The American fleet expects to commission at least 59 new large warships through 2024. But that building spree might not look like much. It’s unclear how many of the new ships simultaneously might appear in a single photograph of a single shipyard.
The numbers tell a different story than one photo does. In 2019 the Chinese fleet possesses 624 warships, according to U.S. Navy commander Keith Patton, writing for the Center for International Maritime Security. The American fleet by contrast has 333 “battle force” ships.
Officially, the U.S. Navy operates just 290 ships. Patton based his own, bigger tally on the figures in the 2019 edition of Jane’s Fighting Ships, which includes some patrol boats and auxiliary vessels that the Navy leaves out.
But counting hulls can be misleading, Patton wrote. For one, American ships on average are much bigger than Chinese and Russian ships are. “When tonnage is used as the metric, the picture changes dramatically.” The U.S. fleet in total displaces 4.6 million tons of water. The Chinese fleet displaces 1.8 million tons.
Of course, a big ship can be lightly armed. A small ship can be heavily armed. “Very similar if not identical anti-ship missiles are carried by small patrol combatants and mounted on the largest combatants, sometimes in identical quantities (eight being a popular number),” Patton explained.
“While the defensive and damage control capabilities of larger vessels may be greater, it still seems likely that a few missile hits will knock most ships out of action, if not sink them. If missiles are the true measure of a fleet’s combat power, then neither tonnage nor hull count is an appropriate metric, because neither is directly related to a ship’s missile capabilities.”
So Patton compared fleets by weaponry, a metric he borrowed from former U.S. deputy defense secretary Bob Work. Patton only counted offensive “battle-force missiles” such as heavy anti-air missiles, anti-ship missiles and land-attack cruise missiles.

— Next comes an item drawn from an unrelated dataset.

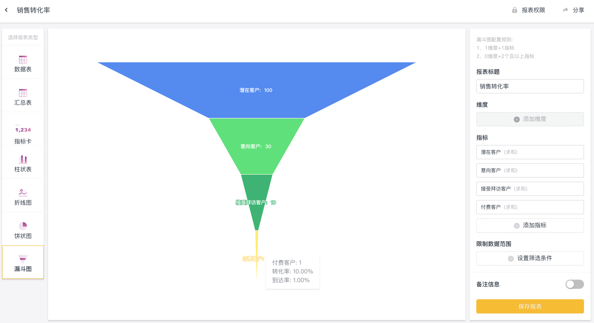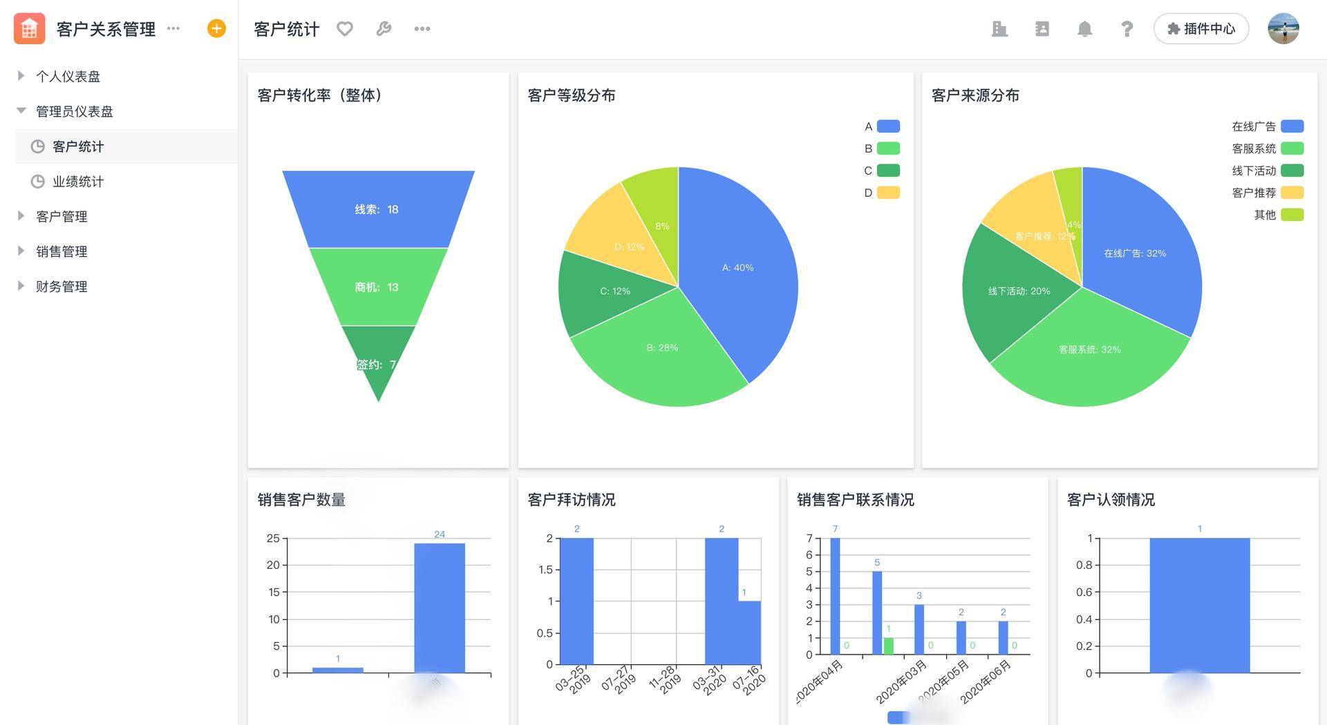 无论是客户等级分布,还是客户来源分布,抑或是客户转化率,都可以通过相关的数据报表进行呈现。通过报表分析,我们可以清楚地知道自己的客户跟进和转化情况,让每一个销售决策都有数据可依。

By that standard, the U.S. fleet can carry around 12,000 battle-force missiles. Chinese ships in total can carry 5,200 BFMs. Again, this disparity in naval force isn’t evident in a single photo. Nor is the even greater difference between the U.S. and Chinese fleets when it comes to naval air power. “The U.S. has an almost twentyfold advantage in fixed-wing aircraft operating from ships,” Patton explained.
In short, don’t get carried away trying to assess a country’s naval power on the basis of a single photograph.